I'd prefer to be able to disconnect the hose at the machine and start to wind it up on hooks I have already inside the garage. As I said in a previous post, the set up with the hose reel at the top is useless as you can't wind in a hose that's connected one end to the machine and the other to the lance.


----------



## johnsastra16v (Oct 7, 2007)

Where can you purchase these quick release couplers?


----------



## nbray67 (Mar 22, 2012)

johnsastra16v said:


> Where can you purchase these quick release couplers?


Not cheap John but I'm after ease of use when it comes to putting my hose away, oooh err missus!! :lol:

Due to the diameter of inner barrel of the M22 connector on the Vax machine, I'm finding it hard to locate something cheaper at the moment.
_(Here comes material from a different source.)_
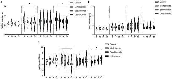 The index of lipid peroxidation, measured as TBARS, was on a similar level in all groups. MTX and ustekinumab induced a significant reduction in TBARS after 52 weeks of treatment (Figure 5a). Values of NO2−, as a marker of nitric oxide (NO) production, did not differ significantly between groups and did not change significantly during the application of the examined therapeutic procedures (Figure 5b). GSH values were similar between all groups. MTX induced a reduction in GSH values after 52 weeks of treatment, while ustekinumab induced a significant improvement of GSH after 52 weeks of therapy (Figure 5c). TBARS, NO2−, and GSH values between groups were compared before the beginning of therapy and in the 52nd week. Comparisons between groups are shown in Table 4. The values of TBARS and NO2− did not change significantly, and there were no differences between groups. GSH level in the MTX-treated group was higher compared to the other groups, but MTX induced a reduction in GSH, so that after 52 weeks of therapy, this biomarker was significantly lower in this group compared to the other groups.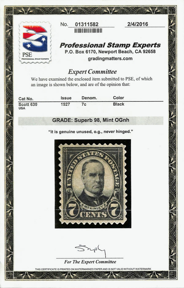5104 nh 639 image1927, 7¢ McKinley, rotary press printing (Scott 639), oversized and well-defined, o.g., never hinged, Superb, with 2016 P.S.E. certificate graded SUP 98.

http://www.ebay.co.uk/itm/170559065538?_trksid=p2055119.m1438.l2649&ssPageName=STRK:MEBIDX:IT


----------



## dendass (Feb 11, 2015)

Mines arrived.... ****ed out water .... Bloody connector on machine where hose connects has sheared straight off!!! Grrrr! Fortuantly same fit as usual so trip to wilkos should sort it but seems to be a flimsy connector! Be warned!


----------



## johnsastra16v (Oct 7, 2007)

dendass said:


> Mines arrived.... ****ed out water .... Bloody connector on machine where hose connects has sheared straight off!!! Grrrr! Fortuantly same fit as usual so trip to wilkos should sort it but seems to be a flimsy connector! Be warned!


I received mine and all is working fine. Did you over tighten the water hose adaptor? I'm sure Vax would have been more than helpful in replacing the unit If it was faulty.


----------



## dendass (Feb 11, 2015)

Yeah I'm sure vax will replace it.. Just planned to use it and everything was set up so easy to go pick up a replacement-will call up vax in the morning! 👍


----------



## Suba (Feb 2, 2013)

dendass said:


> Mines arrived.... ****ed out water .... Bloody connector on machine where hose connects has sheared straight off!!! Grrrr! Fortuantly same fit as usual so trip to wilkos should sort it but seems to be a flimsy connector! Be warned!


Had a similar problem. Hose connector came fitted - within 30 seconds inlet was squirting water everywhere! Looks like it was over-tightened and as a result split.

Replaced with a Hozelock metal connector and all fine after that.


----------



## Cookies (Dec 10, 2008)

I was very unimpressed with mine. Turns out the reason was that the hose connector provided with the vax wasn't allowing the full flow from the tap through the hozelock end on my hose. Fitted a hoselock one and all was well again. 
Cooks


----------



## dendass (Feb 11, 2015)

Suba said:


> Had a similar problem. Hose connector came fitted - within 30 seconds inlet was squirting water everywhere! Looks like it was over-tightened and as a result split.
> 
> Replaced with a Hozelock metal connector and all fine after that.


Did exactly the same thing and got to use it over the weekend - for £40 cant complain... great bit of kit.. just waiting on my snow foam lance to arrive now.


----------